- _WHAT TO DO_
Do not copy the pictures. Write out the lines from the start of the entries through the line containing "Roomratv Ceiling Fans".

-------- TASK INPUTS --------

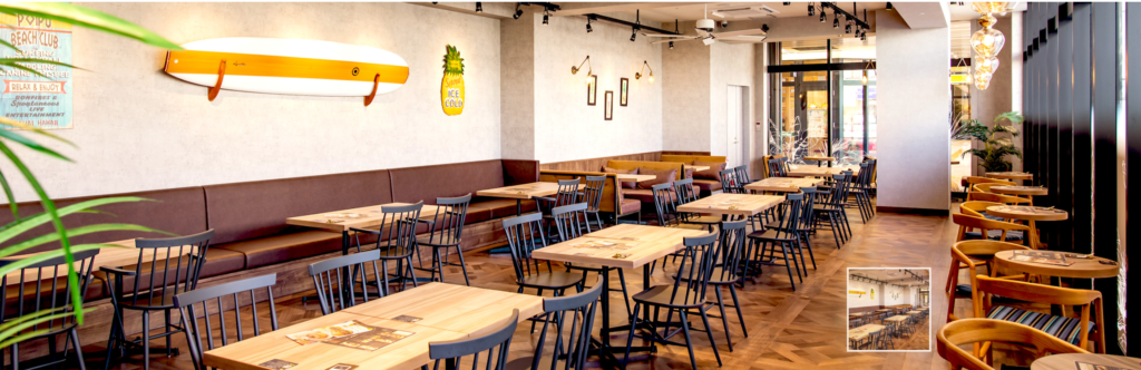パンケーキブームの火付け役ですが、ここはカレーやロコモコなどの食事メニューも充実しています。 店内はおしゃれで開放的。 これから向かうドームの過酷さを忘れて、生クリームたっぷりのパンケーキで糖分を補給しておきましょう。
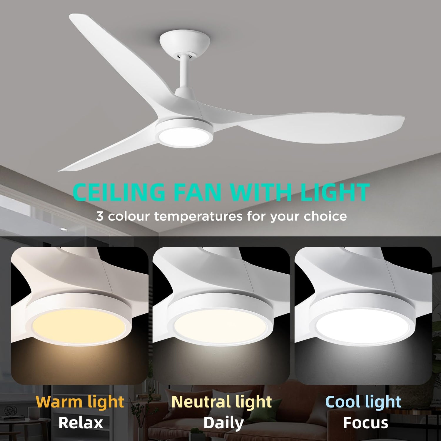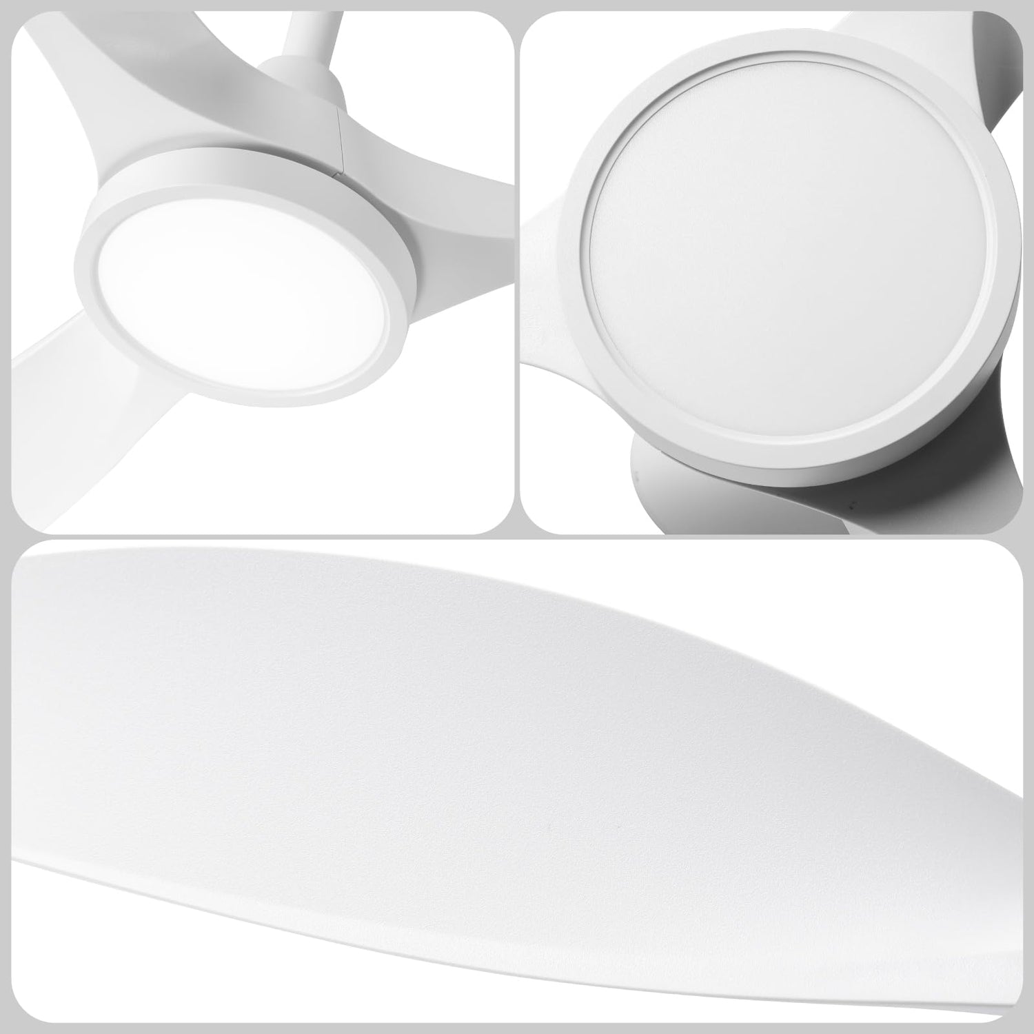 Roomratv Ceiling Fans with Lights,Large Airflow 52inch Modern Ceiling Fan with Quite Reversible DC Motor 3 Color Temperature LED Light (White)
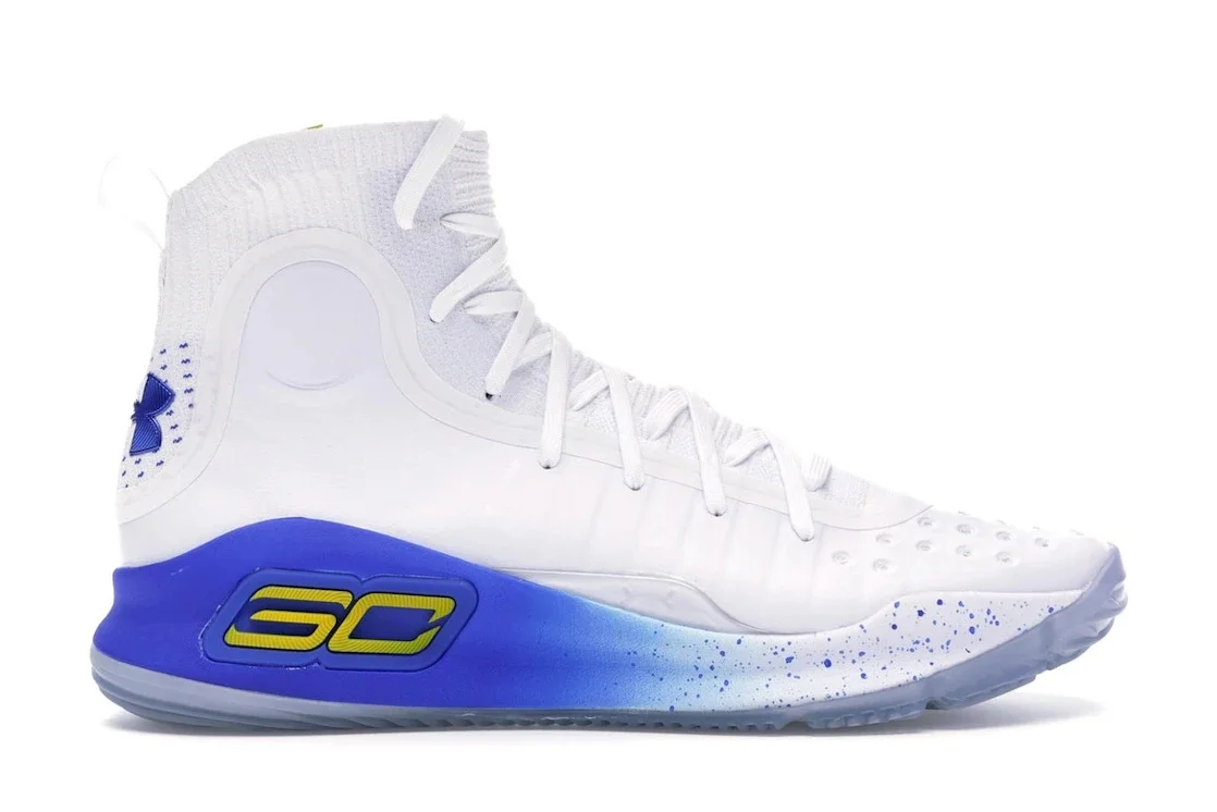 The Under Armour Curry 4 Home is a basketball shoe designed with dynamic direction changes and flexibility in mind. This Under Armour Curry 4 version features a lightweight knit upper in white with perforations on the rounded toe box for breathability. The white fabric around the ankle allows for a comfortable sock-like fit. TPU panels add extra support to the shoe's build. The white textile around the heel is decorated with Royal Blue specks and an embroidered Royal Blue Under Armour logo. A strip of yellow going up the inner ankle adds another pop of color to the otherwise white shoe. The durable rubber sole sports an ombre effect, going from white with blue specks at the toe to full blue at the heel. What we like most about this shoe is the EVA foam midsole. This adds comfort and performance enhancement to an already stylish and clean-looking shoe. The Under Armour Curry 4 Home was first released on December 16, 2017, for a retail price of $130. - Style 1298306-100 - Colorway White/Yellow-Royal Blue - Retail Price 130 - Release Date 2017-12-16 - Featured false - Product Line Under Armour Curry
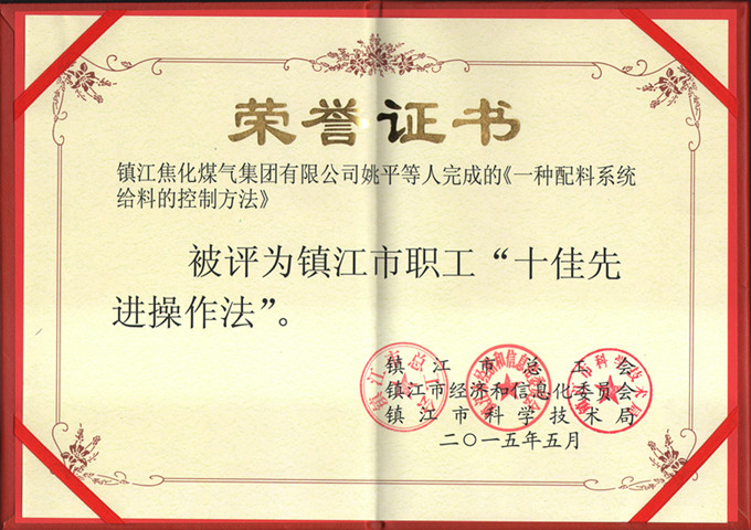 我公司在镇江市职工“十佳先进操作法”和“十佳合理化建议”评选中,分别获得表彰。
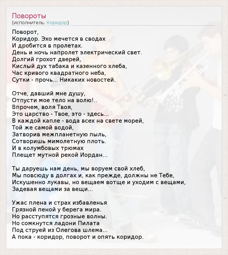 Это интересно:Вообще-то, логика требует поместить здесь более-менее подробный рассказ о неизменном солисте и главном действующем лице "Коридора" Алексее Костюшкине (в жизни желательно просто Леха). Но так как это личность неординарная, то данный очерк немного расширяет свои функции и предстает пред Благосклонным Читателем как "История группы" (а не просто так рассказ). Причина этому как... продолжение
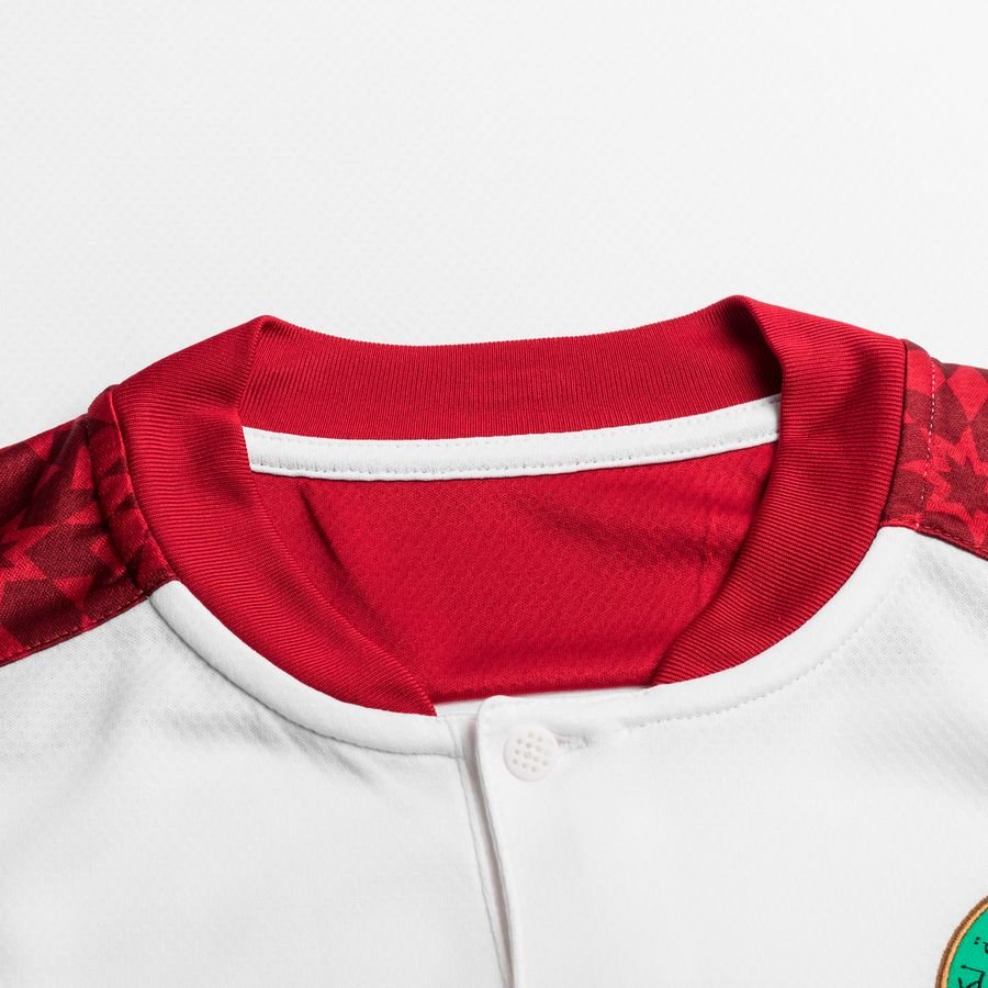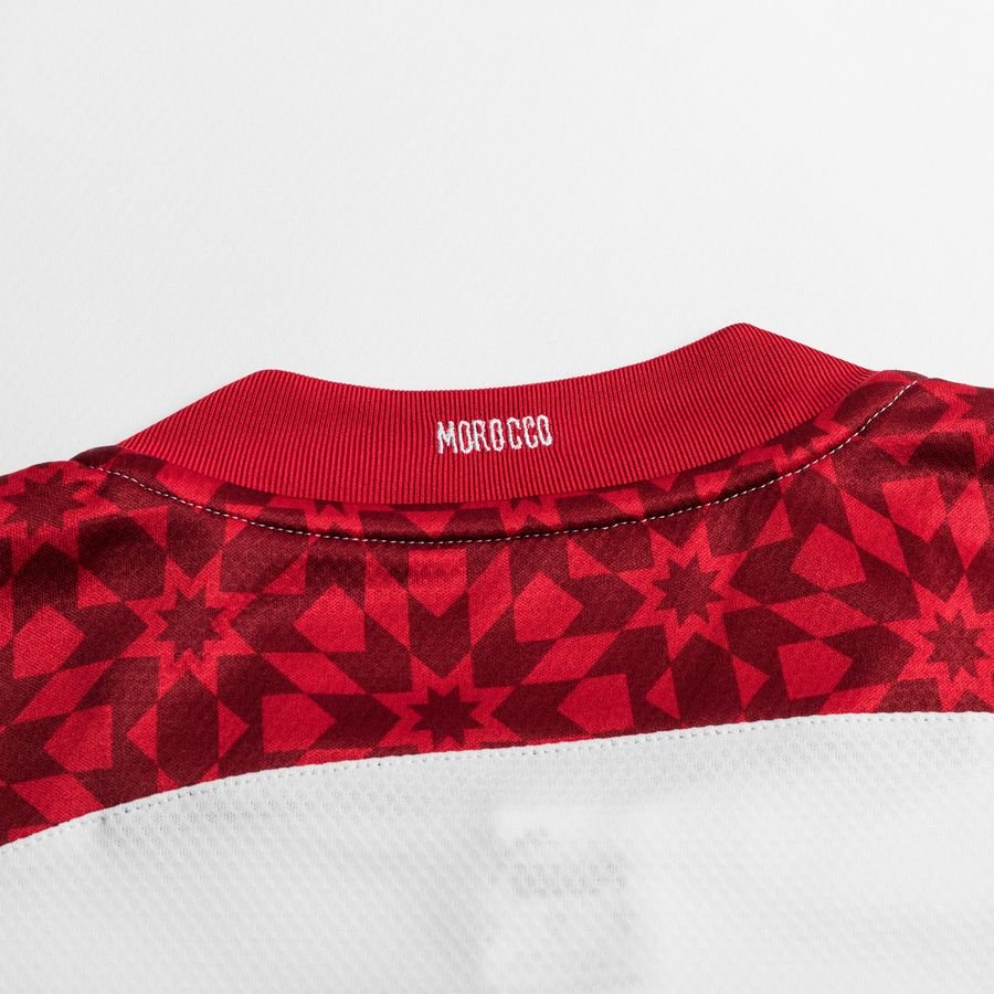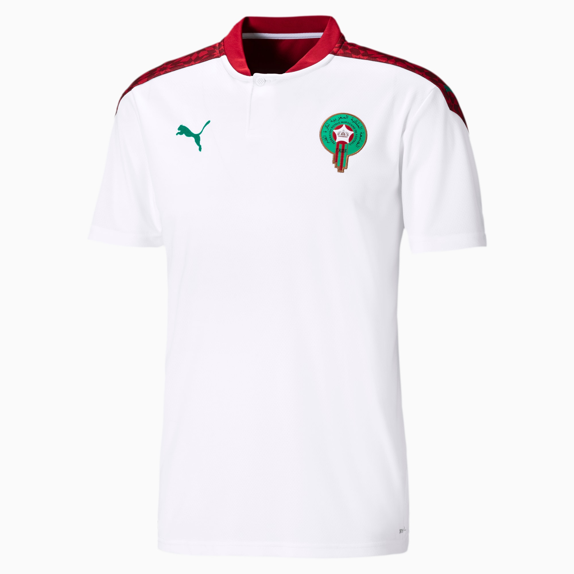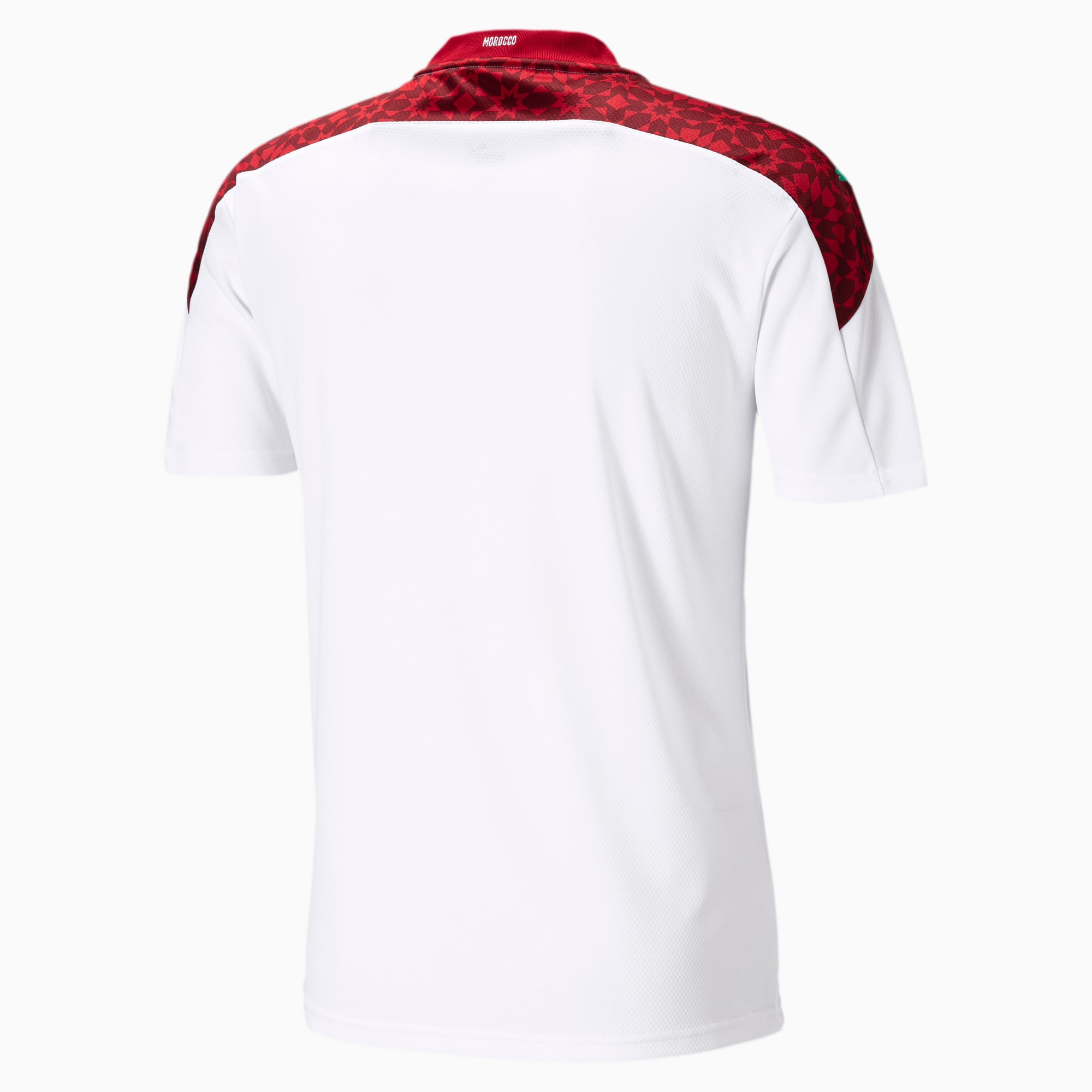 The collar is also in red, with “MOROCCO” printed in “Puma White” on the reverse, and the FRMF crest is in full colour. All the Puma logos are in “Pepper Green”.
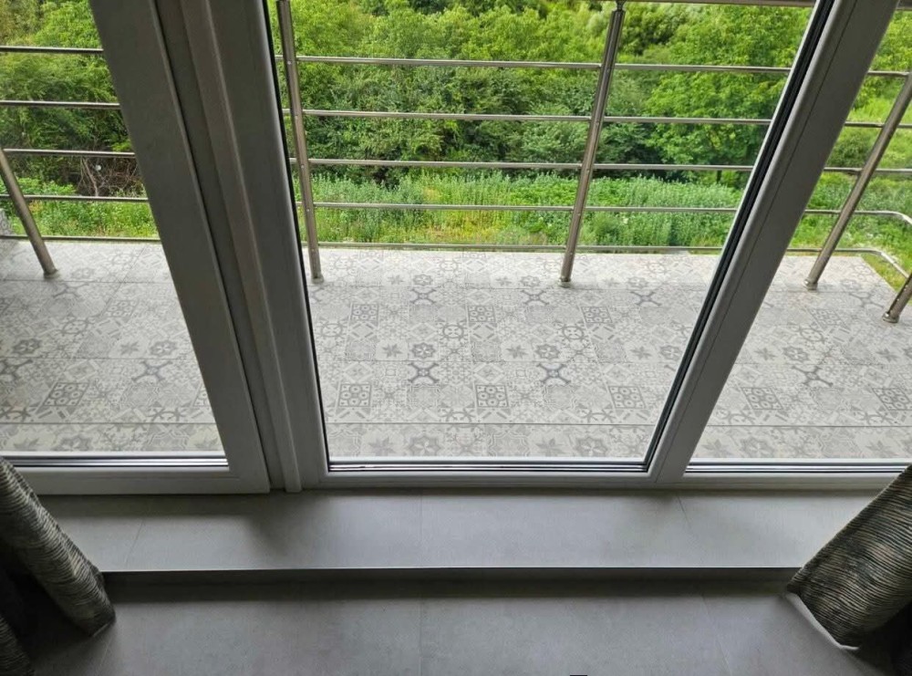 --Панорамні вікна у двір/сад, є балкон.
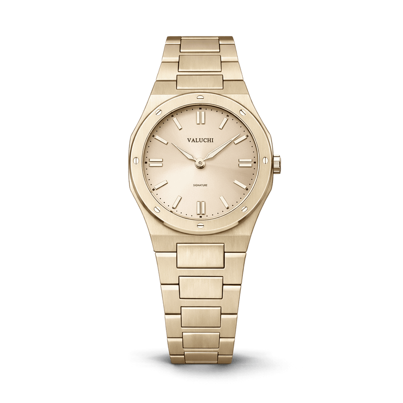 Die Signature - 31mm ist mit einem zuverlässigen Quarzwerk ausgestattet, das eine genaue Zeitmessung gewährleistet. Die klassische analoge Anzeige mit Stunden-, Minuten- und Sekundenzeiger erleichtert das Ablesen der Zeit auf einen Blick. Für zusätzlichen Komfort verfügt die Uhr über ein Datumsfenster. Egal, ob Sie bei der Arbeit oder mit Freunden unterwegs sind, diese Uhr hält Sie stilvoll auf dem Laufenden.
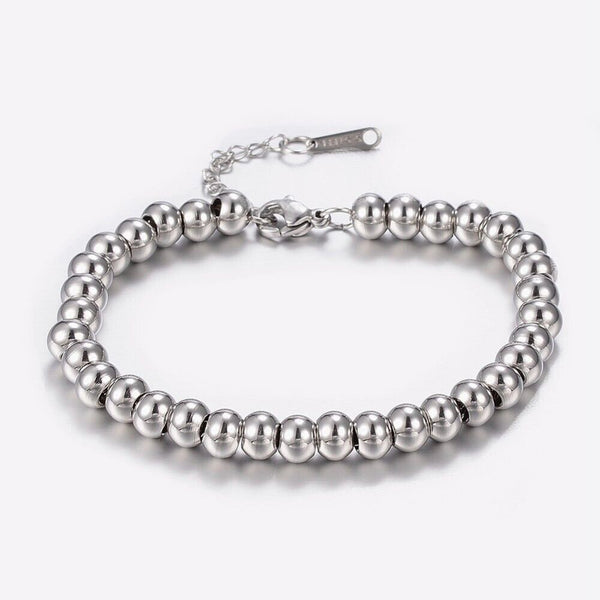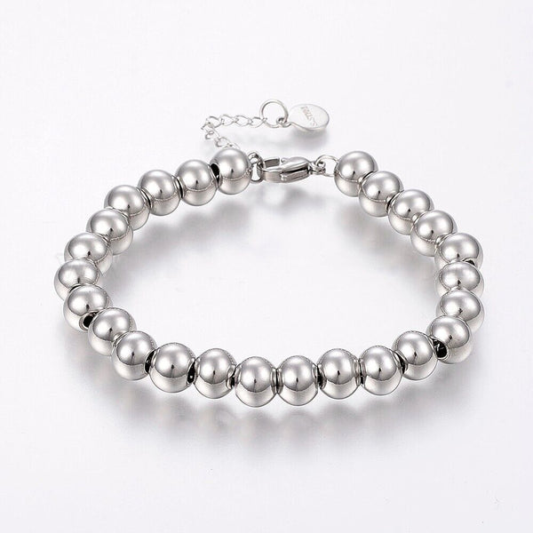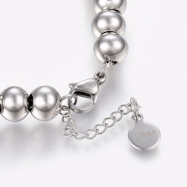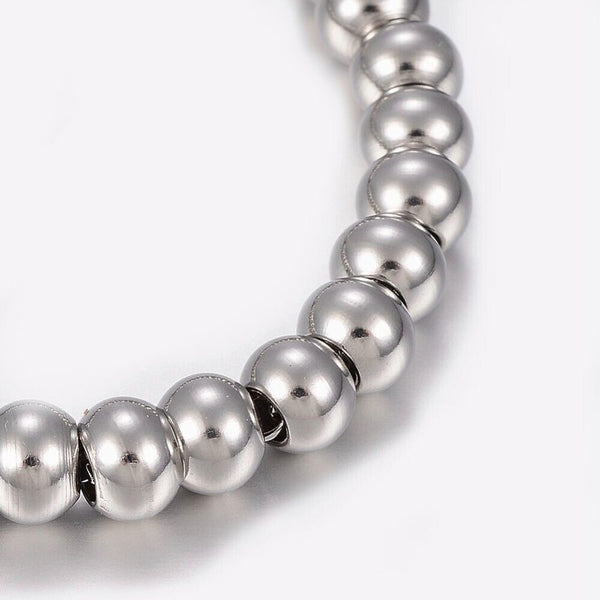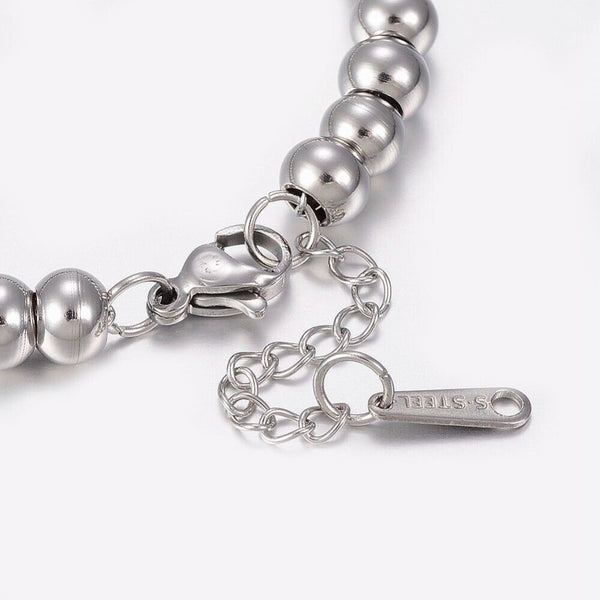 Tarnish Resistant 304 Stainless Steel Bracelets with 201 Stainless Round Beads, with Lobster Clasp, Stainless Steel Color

--------

- _ANSWER TO THIS TASK_
パンケーキブームの火付け役ですが、ここはカレーやロコモコなどの食事メニューも充実しています。 店内はおしゃれで開放的。 これから向かうドームの過酷さを忘れて、生クリームたっぷりのパンケーキで糖分を補給しておきましょう。
 Roomratv Ceiling Fans with Lights,Large Airflow 52inch Modern Ceiling Fan with Quite Reversible DC Motor 3 Color Temperature LED Light (White)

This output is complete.